How xCluster replication works

When aiming for higher availability by accepting some staleness, similar to eventual consistency, xCluster replication is the appropriate method. However, it's important to understand how it functions. xCluster replication involves fetching changes from the primary database and applying them to the local table in a different database. Therefore, only read-only operations should be performed on it. Modifying the table can cause the replica to diverge from the primary unless two-way replication has been specified. For instance, deleting all rows in the replica will not synchronize them again, unless there are modifications in the primary that will replicate them once more.
Image description

It's important to note that although it looks like traditional logical replication, xCluster bypasses the SQL layer on the replica. This means that triggers and constraints are not raised and checked, as the data was already validated on the source. Additionally, the indexes are replicated rather than maintained by the replica.

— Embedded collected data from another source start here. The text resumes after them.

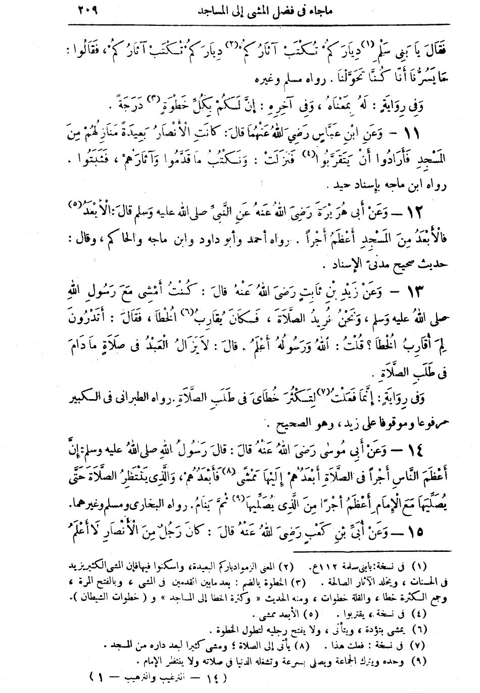 12 - وعن أبي هريرة رضي الله عنه عن النبى صلى الله عليه وسلم قال: الأبعد (¬5) فالأبعد من المسجد أعظم أجراً. رواه أحمد وأبو داود وابن ماجه والحاكم، وقال: حديث صحيح مدنىّ الإسناد.
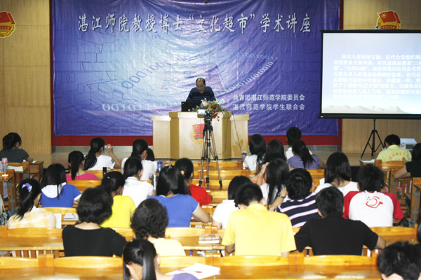 湛师新闻网4月29日讯 亲近学子,弘扬学术。27日晚,由校团委、校学生会主办的教授博士“文化超市”讲座第三十四期在学生活动中心举行,法政学院雷冬文博士主讲《儒家家庭伦理与近代会党组织规范》为题的学术专题讲座。
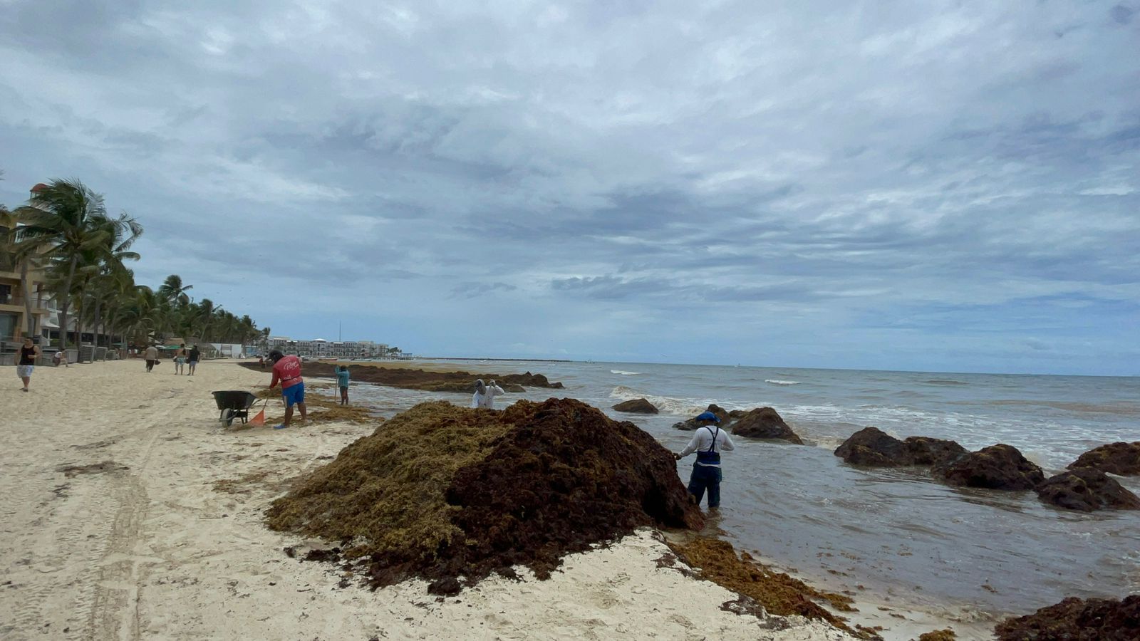 Retiran 300 toneladas de sargazo diarias en playas de Solidaridad en los últimos 15 días.
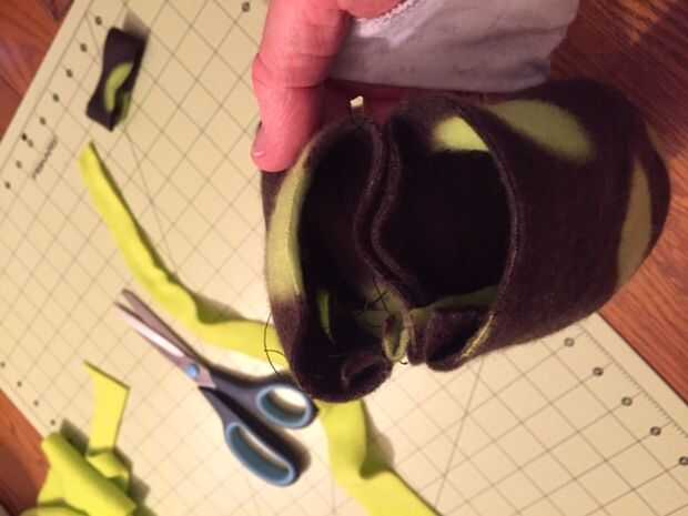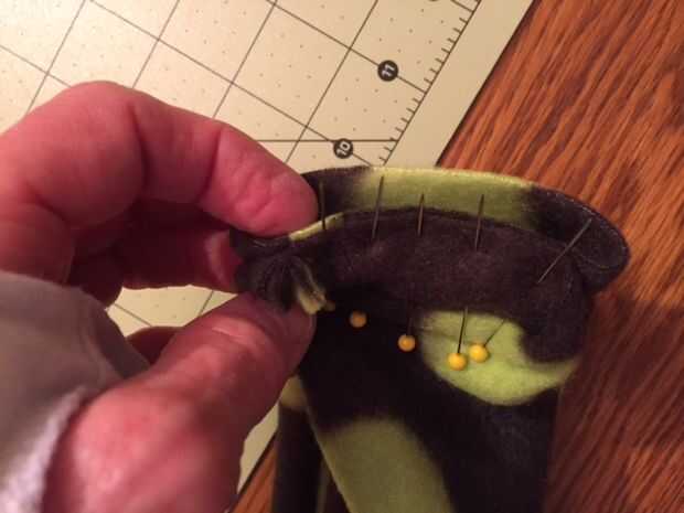 Nota: Antes de coser los extremos juntos, asegúrese de que la venda principal es el tamaño que quieras que sea. Puedes acortar un poco si usted tiene una cabeza pequeña. Recuerde que la banda sea elástica y hay alrededor de una pulgada que va ser tomada por el parecer.
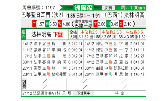 [洲际杯] 巴黎圣日耳曼vs弗拉门戈
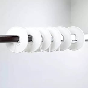 O kit de separador e organizador de cabides feito em plástico polipropileno e poliestireno é utilizado em lojas, estabelecimentos de varejo e boutiques para separar e identificar peças de vestuário de vários tamanhos, cores, estilos ou marcas diferentes, mantendo as roupas organizadas, práticas e visíveis de ser achadas em cabides nas araras. O divisor de cabide ajuda a dividir e agrupar roupas de maneira mais prática e eficiente.
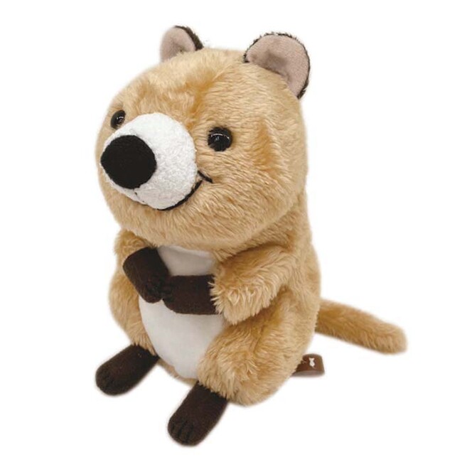 内容:クオッカはオーストラリア固有の動物で、ワラビーの仲間。つぶらな瞳とキュッと上がった口角が笑っているように見えることから「世界一幸せな動物」と言われています。ハッピーな表情は見ているだけで癒し効果抜群。デスク等にも置きやすいサイズ感です。
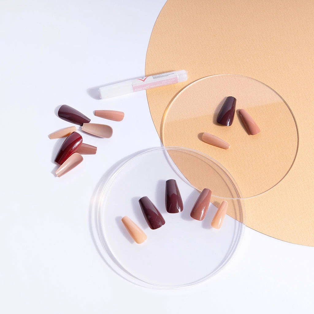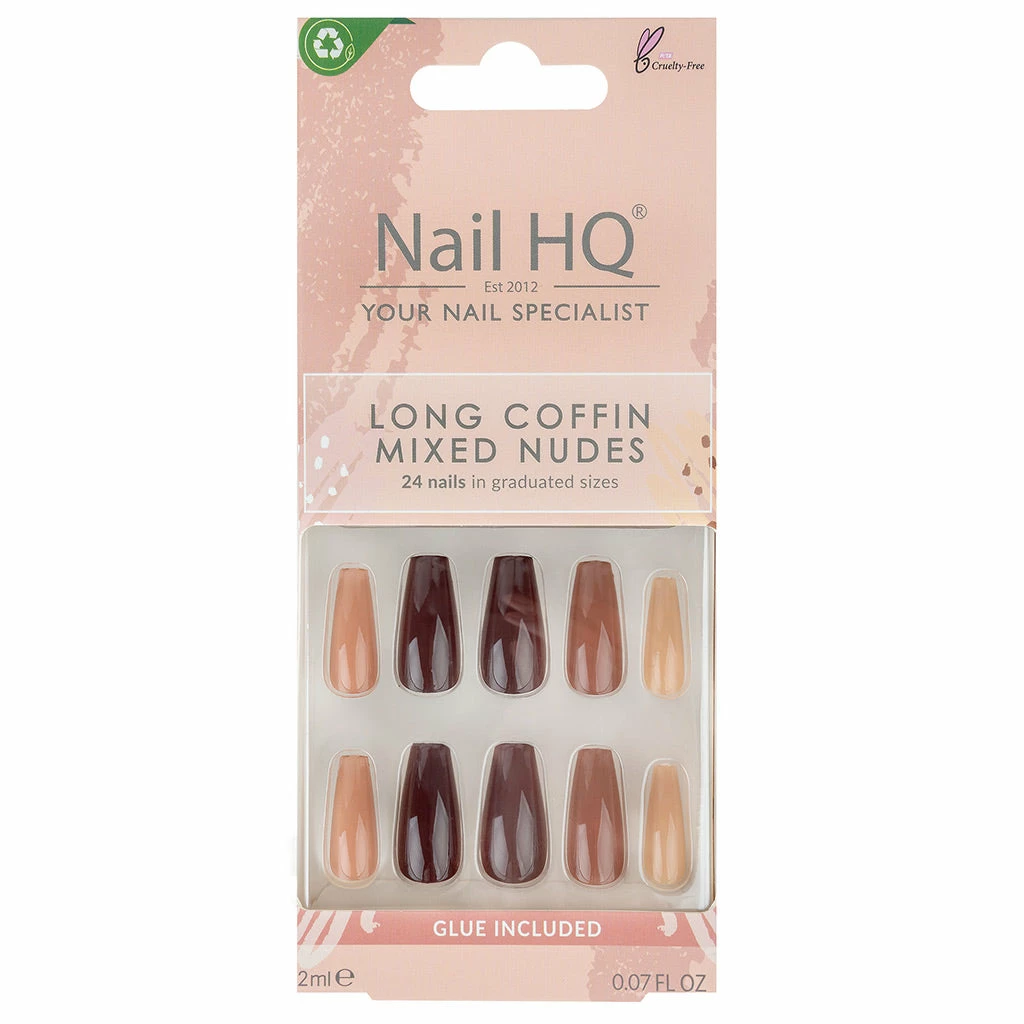 These Nail HQ False Nails are long and coffin-shaped, they offer a modern twist on the classic nude manicure thanks to a range of mixed nude shades. The perfect nails for everyday wear. If you’re looking for nails that offer a modern and flawless manicured look without the expense of visiting a salon, then your search is over.
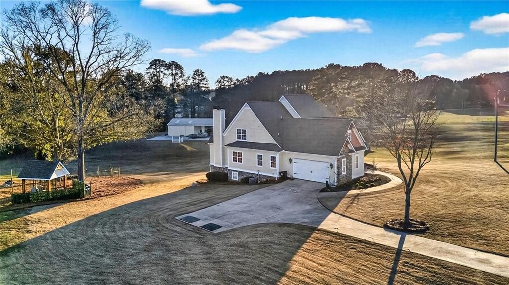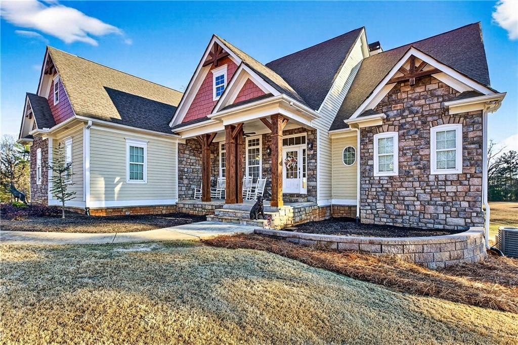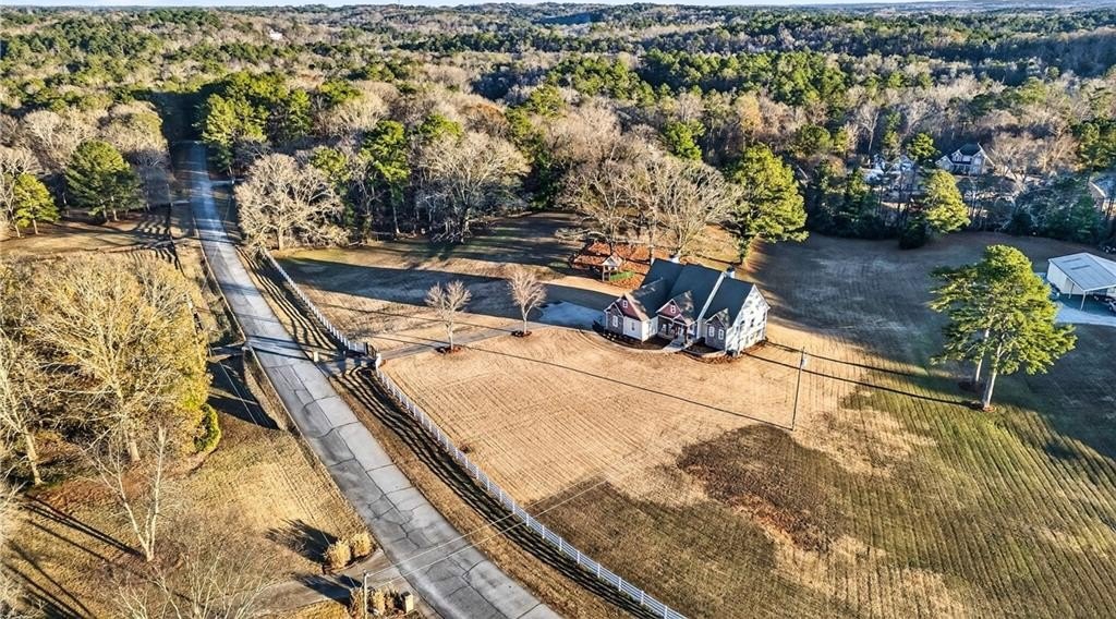 Set behind a private, double-gated entrance on 6.6 fully fenced acres with 800 feet of road frontage, this refined estate offers exceptional privacy, security, and thoughtful design throughout. The home features 4 bedrooms and 3.5 baths, with custom ceilings, upgraded trim, transom and oversized windows, and 9-foot ceilings on both the main level and basement, creating a light-filled, elevated living experience. The chef's kitchen is beautifully appointed with commercial-grade appliances, quartz countertops, and a built-in refrigerator, flowing seamlessly into inviting living spaces highlighted by two fireplaces, including a cast-iron fireplace with blower in the keeping room and an oversized fireplace in the family room. An upstairs theater room with mini-fridge and microwave and a partially finished basement provide flexible spaces for entertaining or relaxation. Recent upgrades include new double-pane windows (2024), mirror-tinted rear windows (2025), enhanced insulation between HVAC zones, smart keypad entry, camera and security systems, and newly replaced full farm fencing. Outdoors, the property continues to impress with a 40x60 accessory building, freshly poured gravel access, gazebo with water and power, irrigation system, solar-lit fencing, and an owned 1,000-gallon underground propane tank. Furniture negotiable. A rare offering combining elegance, acreage, and exceptional versatility-just minutes from major routes for easy access to Atlanta.
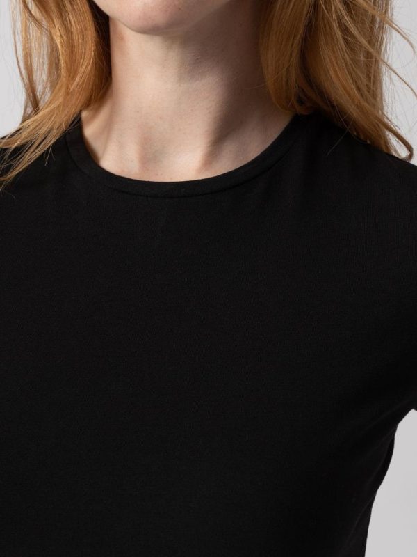 An essential crew neck t-shirt style in black, handmade with the softest organic cotton and a comfortable, relaxed fit. We make these in our studios in Europe with a certified, organic cotton that’s soft and sustainable. We added side slits for easy french tucks and a lengthened, more flattering fit. Perfect for layering and easy to wear for work, at home or on weekends.
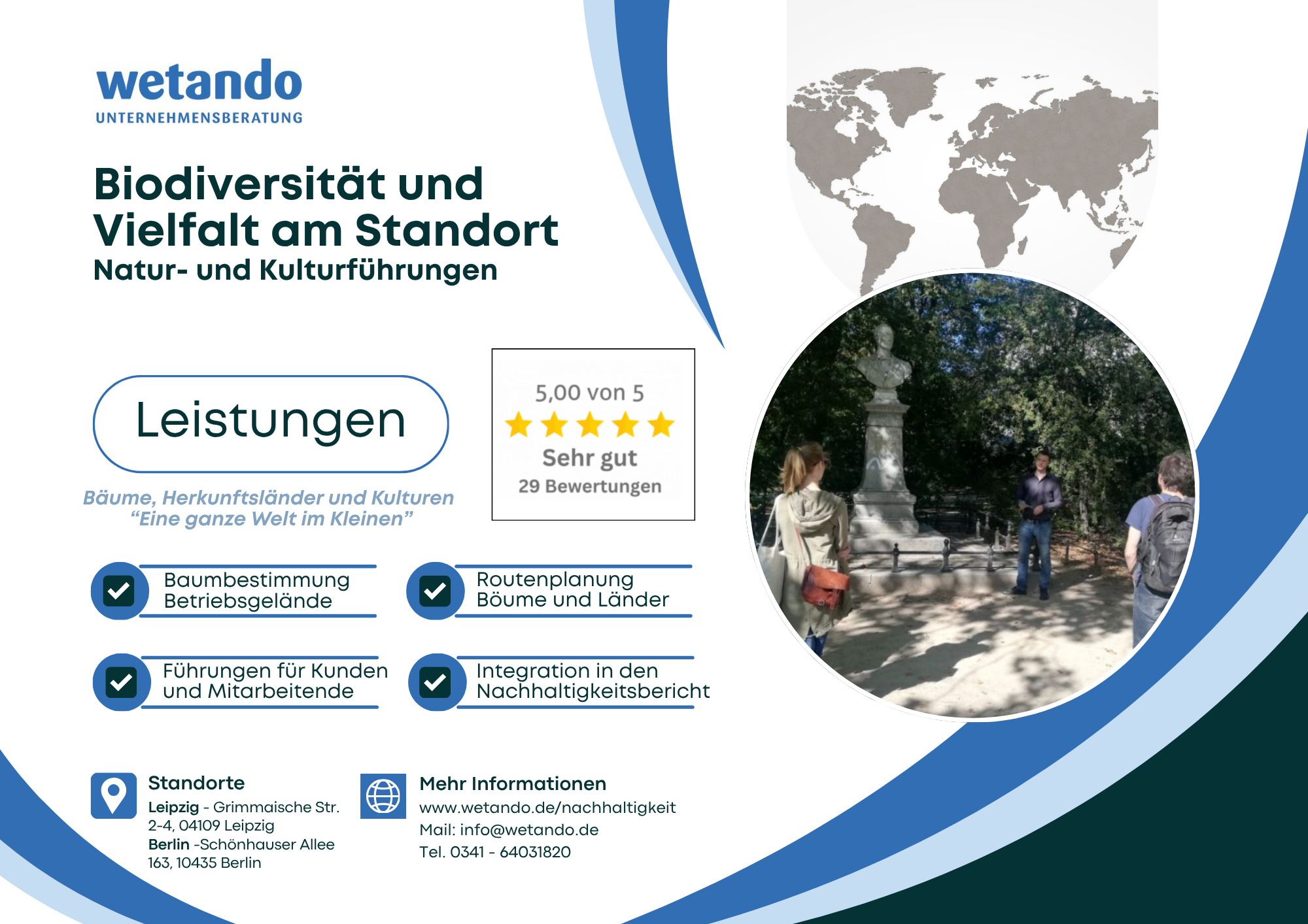 Bei dem Projekt verbinden wir Natur und Kultur seit Herbst 2018 in einem Live-Erlebnis. In unseren Führungen lernen Mitarbeitende und Kunden nicht nur die Bäume auf dem Betriebsgelände kennen, sondern auch deren Herkunftsländer – und damit auch die kulturellen Bezüge, die mit diesen Regionen verbunden sind. Das Projekt wird von uns auch in öffentlichen Parkanlagen umgesetzt. So werden bei einer Route 15–20 Bäume vorgestellt, z. B. Italienische Pappel, Holländische Linde, Französischer Ahorn oder eine Schwedische Mehlbeere.

This is in contrast to Postgresql logical replication, which has scalability limitations and often requires dropping indexes and foreign keys to catch up after initialization on large tables.

Thanks to its two-layered architecture, YugabyteDB combines the benefits of physical replication (bypassing the SQL layer on the destination) and logical replication (the ability to replicate a single table, as shown in this example) and provides multiple modes: synchronous, to quorum, or asynchronous, by pushing the changes to read replicas, or pulling them from xCluster replicas.